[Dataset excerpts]
* * * * * * *
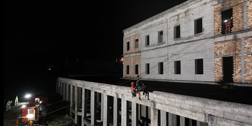 現(xiàn)場還模擬了孤島救援科目。因地震導致震中區(qū)域地質(zhì)松懈,呈塌陷現(xiàn)狀,水位下降,被困人員所在區(qū)域水位下降且通行道路損毀形成孤島。救援隊伍通過偵查,決定采取利用救生拋投器將繩索打至對岸形成橫渡條件,再利用T型繩索救助技術將人員和器材輸送至湖心島,通過破拆、頂撐技術將孤島被困的壓埋人員救出,隨后對被困人員包扎、固定后利用繩索將被困人員轉(zhuǎn)移至安全區(qū)域。
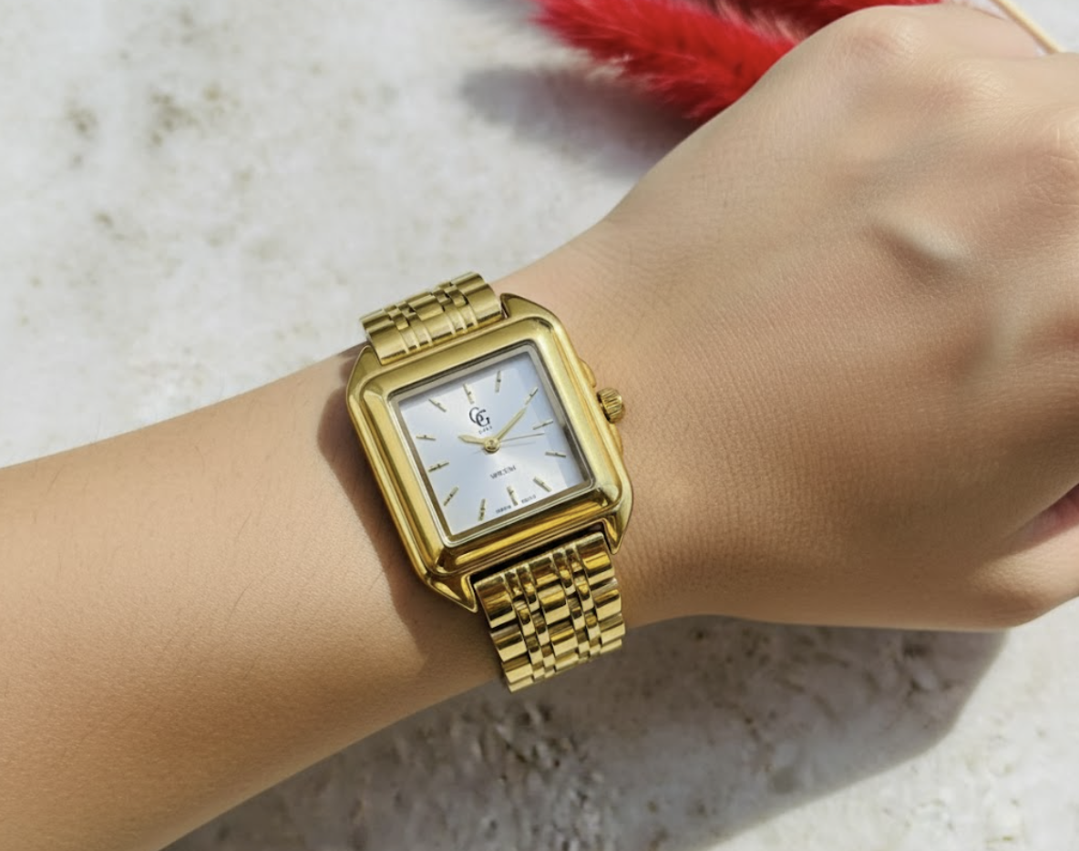 Mouvement : Quartz Japonais Boîtier : Acier doré carré Cadran : Blanc Bracelet : Acier inoxydable doré à maillons fins Verre : Minéral Étanchéité : 3 ATM (30 mètres)
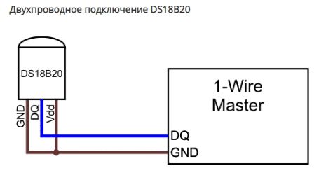 Датчик предназначен для двухпроводного подключения. При двухпроводном подключении, ведущее устройство должно обеспечивать "паразитное" питание по шине данных.
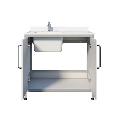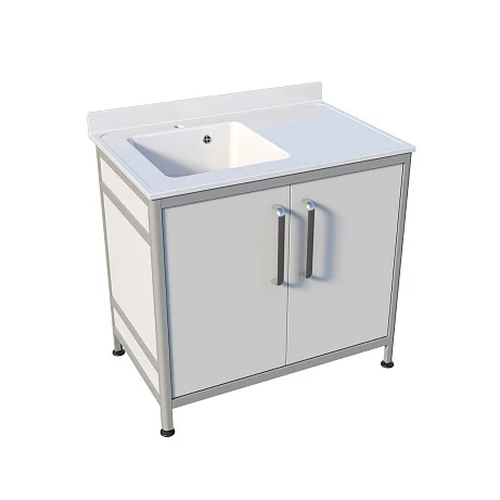 Основа конструкции выполнена из алюминиевого профиля с пластиковым заполнением, что делает изделие легким в обслуживании и подходящим для регулярной санитарной обработки. Накладная мойка дополнена рабочей поверхностью справа из литьевого мрамора — удобно разместить инструменты, емкости и расходные материалы в зоне под рукой. Тумба закрывается двумя распашными дверцами, позволяя хранить необходимое, не загромождая рабочее место. Ножки являются продолжением алюминиевого профиля, а хирургический локтевой смеситель помогает работать гигиенично, не отвлекаясь на лишние движения.
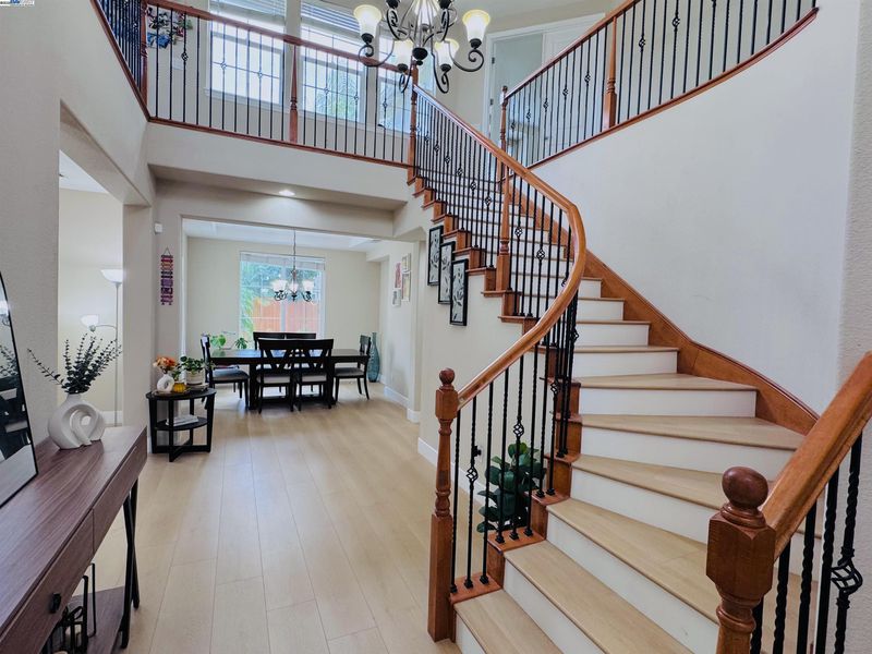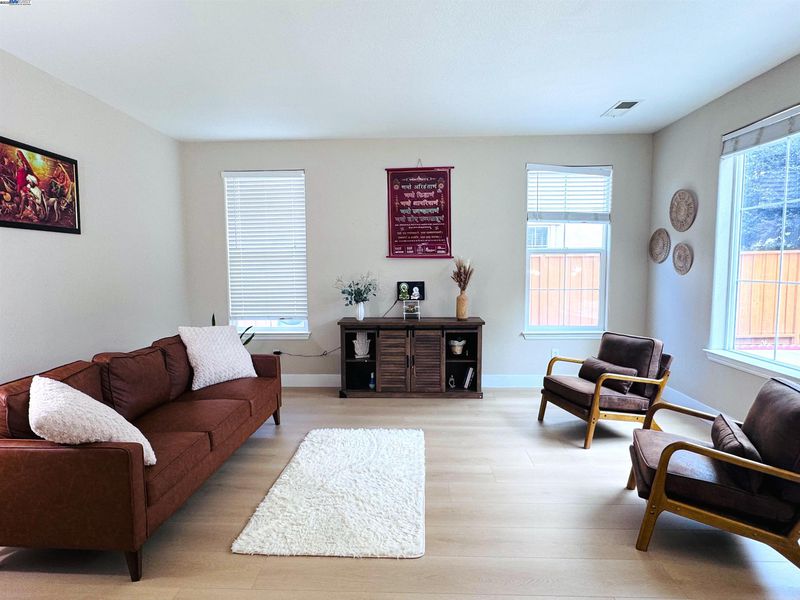 Welcome to this stunning 4 spacious bedroom, 3-full-bath home with 1 bed 1 full bath downstairs, that combines elegance and functionality in every corner. Step through the wide entrance into a space filled with natural light & excellent ventilation throughout the day. The home features new vinyl flooring, adding a modern touch & easy maintenance, while a grand curved staircase serves as an impressive focal point. It offers both a separate living room and family room, along with a formal dining area, providing ample space for relaxation and entertaining. The upgraded kitchen is a chef’s delight, complete with a gas stove, kitchen island, and walk-in pantry—perfect for cooking & storage needs. Downstairs includes a bedroom & full bathroom, ideal for guests or multi-generational living, while upstairs features 3 additional bedrooms, 2 full baths, and a spacious den area that can serve as a home office, playroom, or media space. Enjoy the outdoors in the large backyard with concrete flooring, perfect for gatherings or relaxation under the sun, and make use of the 3-car garage offering abundant parking and storage. With its bright, airy feel and thoughtful layout, this home is designed for both comfort and style—a perfect fit for modern family living! IT TICKS-OFF ALL THE CHECKBOXES!!
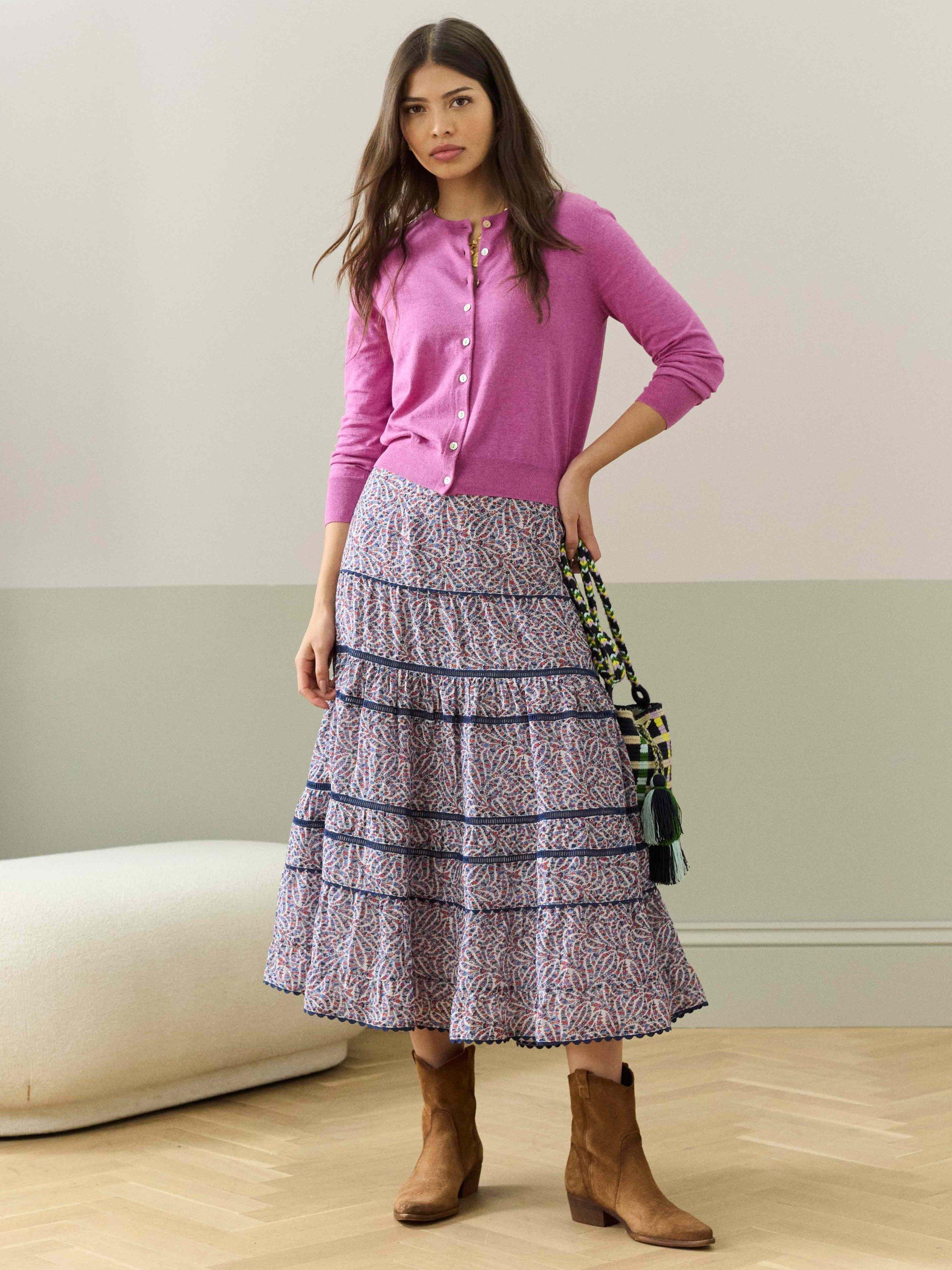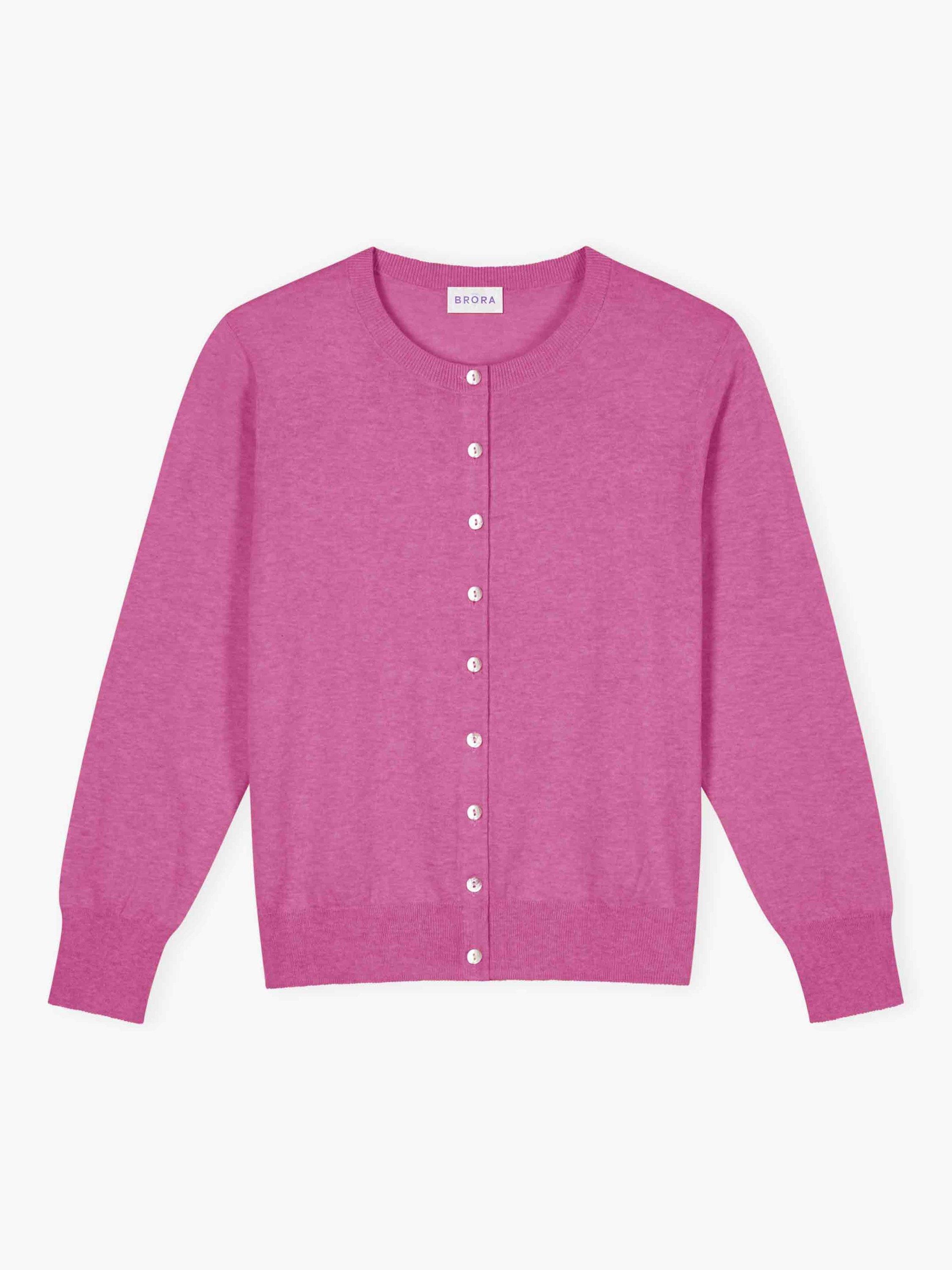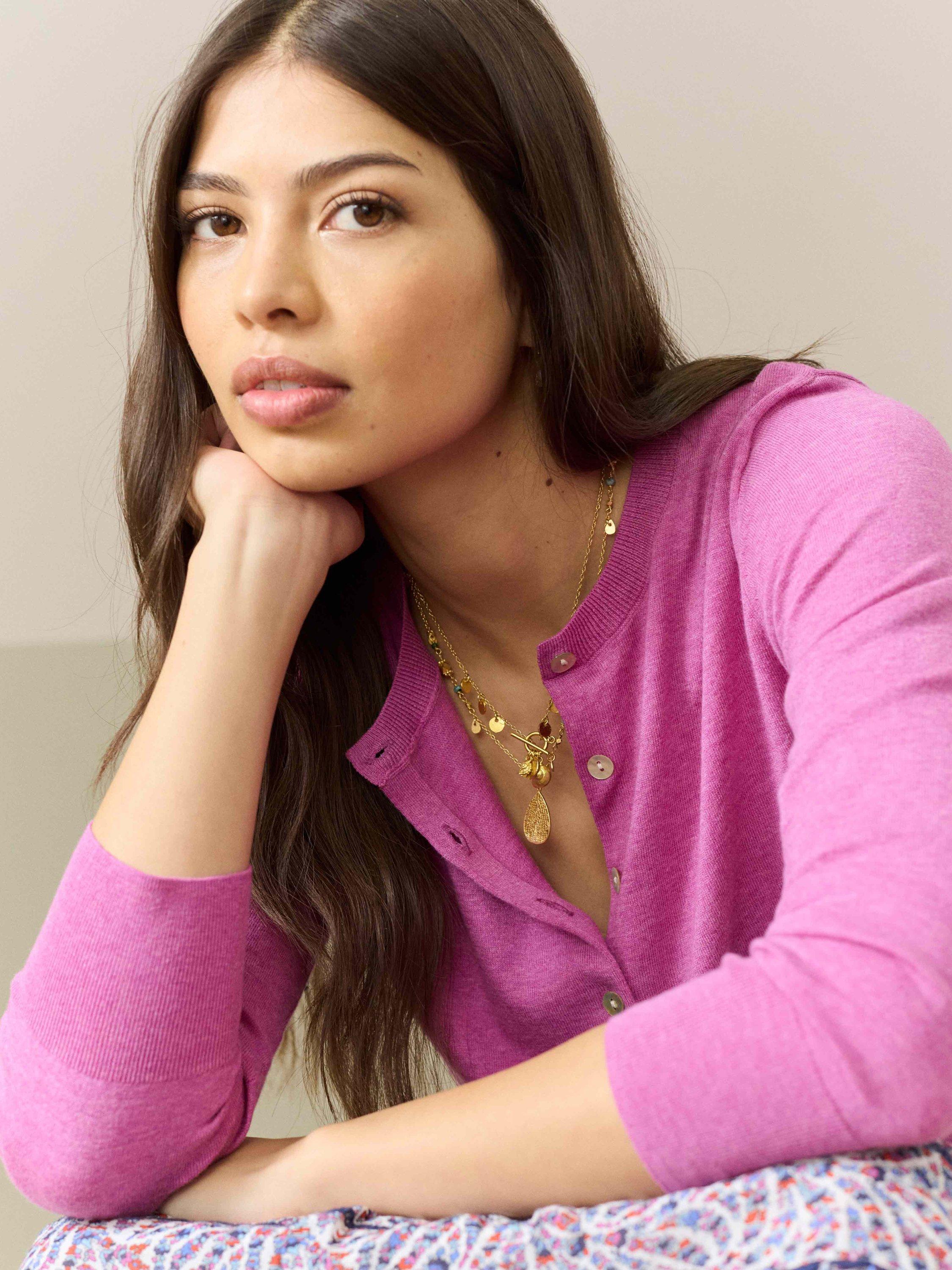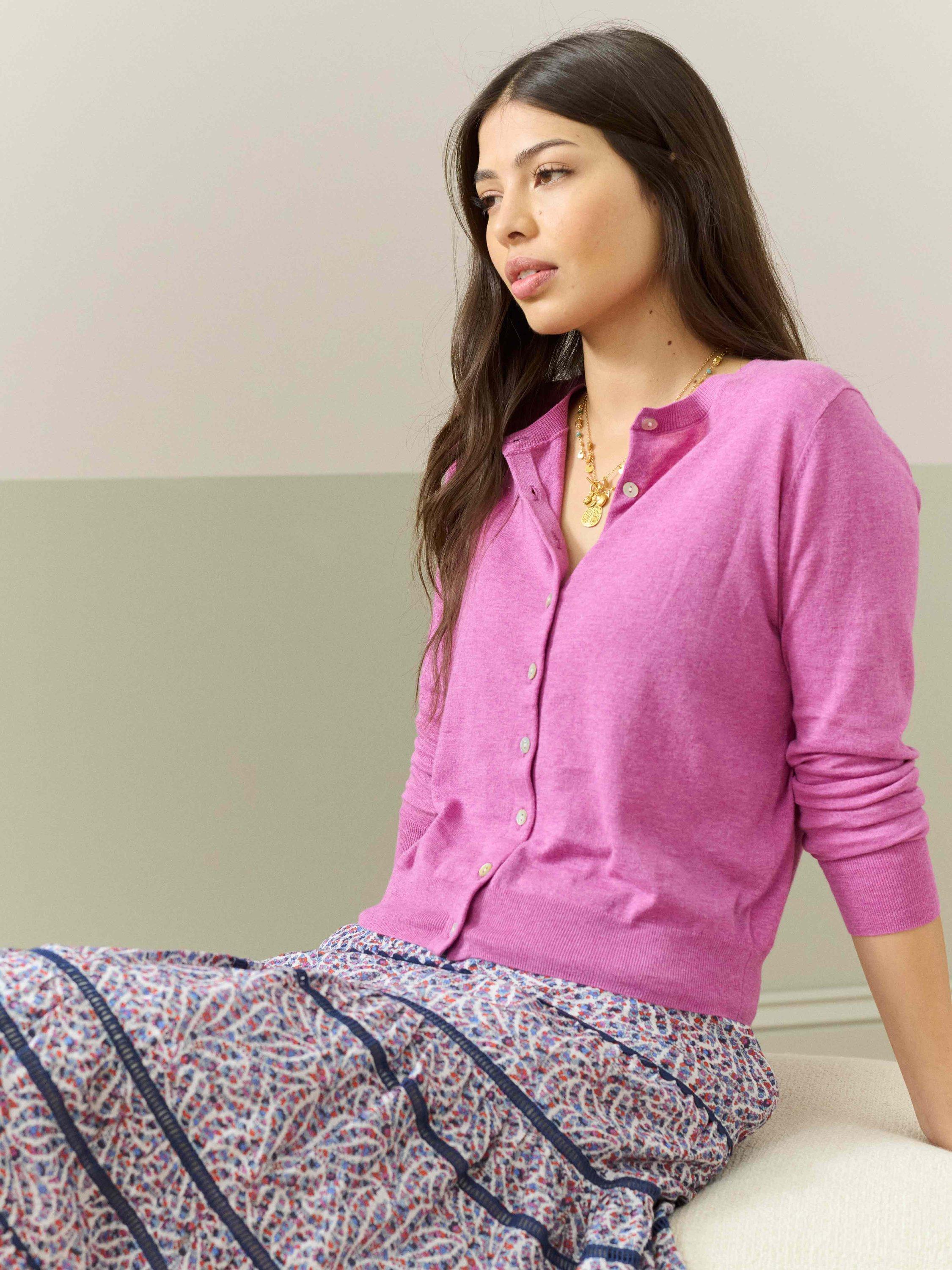 With a rounded neckline, ribbed trims and bracelet-length sleeves, it's no surprise why this fine gauge cotton knit button-up cardigan is deemed a wardrobe must-have.
* * * * * * *
WORK TO BE COMPLETED:
The records above must be output exactly, except for the pictures.

RESULT OF THE TASK:
 現(xiàn)場還模擬了孤島救援科目。因地震導致震中區(qū)域地質(zhì)松懈,呈塌陷現(xiàn)狀,水位下降,被困人員所在區(qū)域水位下降且通行道路損毀形成孤島。救援隊伍通過偵查,決定采取利用救生拋投器將繩索打至對岸形成橫渡條件,再利用T型繩索救助技術將人員和器材輸送至湖心島,通過破拆、頂撐技術將孤島被困的壓埋人員救出,隨后對被困人員包扎、固定后利用繩索將被困人員轉(zhuǎn)移至安全區(qū)域。
 Mouvement : Quartz Japonais Boîtier : Acier doré carré Cadran : Blanc Bracelet : Acier inoxydable doré à maillons fins Verre : Minéral Étanchéité : 3 ATM (30 mètres)
 Датчик предназначен для двухпроводного подключения. При двухпроводном подключении, ведущее устройство должно обеспечивать "паразитное" питание по шине данных.
 Основа конструкции выполнена из алюминиевого профиля с пластиковым заполнением, что делает изделие легким в обслуживании и подходящим для регулярной санитарной обработки. Накладная мойка дополнена рабочей поверхностью справа из литьевого мрамора — удобно разместить инструменты, емкости и расходные материалы в зоне под рукой. Тумба закрывается двумя распашными дверцами, позволяя хранить необходимое, не загромождая рабочее место. Ножки являются продолжением алюминиевого профиля, а хирургический локтевой смеситель помогает работать гигиенично, не отвлекаясь на лишние движения.
 Welcome to this stunning 4 spacious bedroom, 3-full-bath home with 1 bed 1 full bath downstairs, that combines elegance and functionality in every corner. Step through the wide entrance into a space filled with natural light & excellent ventilation throughout the day. The home features new vinyl flooring, adding a modern touch & easy maintenance, while a grand curved staircase serves as an impressive focal point. It offers both a separate living room and family room, along with a formal dining area, providing ample space for relaxation and entertaining. The upgraded kitchen is a chef’s delight, complete with a gas stove, kitchen island, and walk-in pantry—perfect for cooking & storage needs. Downstairs includes a bedroom & full bathroom, ideal for guests or multi-generational living, while upstairs features 3 additional bedrooms, 2 full baths, and a spacious den area that can serve as a home office, playroom, or media space. Enjoy the outdoors in the large backyard with concrete flooring, perfect for gatherings or relaxation under the sun, and make use of the 3-car garage offering abundant parking and storage. With its bright, airy feel and thoughtful layout, this home is designed for both comfort and style—a perfect fit for modern family living! IT TICKS-OFF ALL THE CHECKBOXES!!
 With a rounded neckline, ribbed trims and bracelet-length sleeves, it's no surprise why this fine gauge cotton knit button-up cardigan is deemed a wardrobe must-have.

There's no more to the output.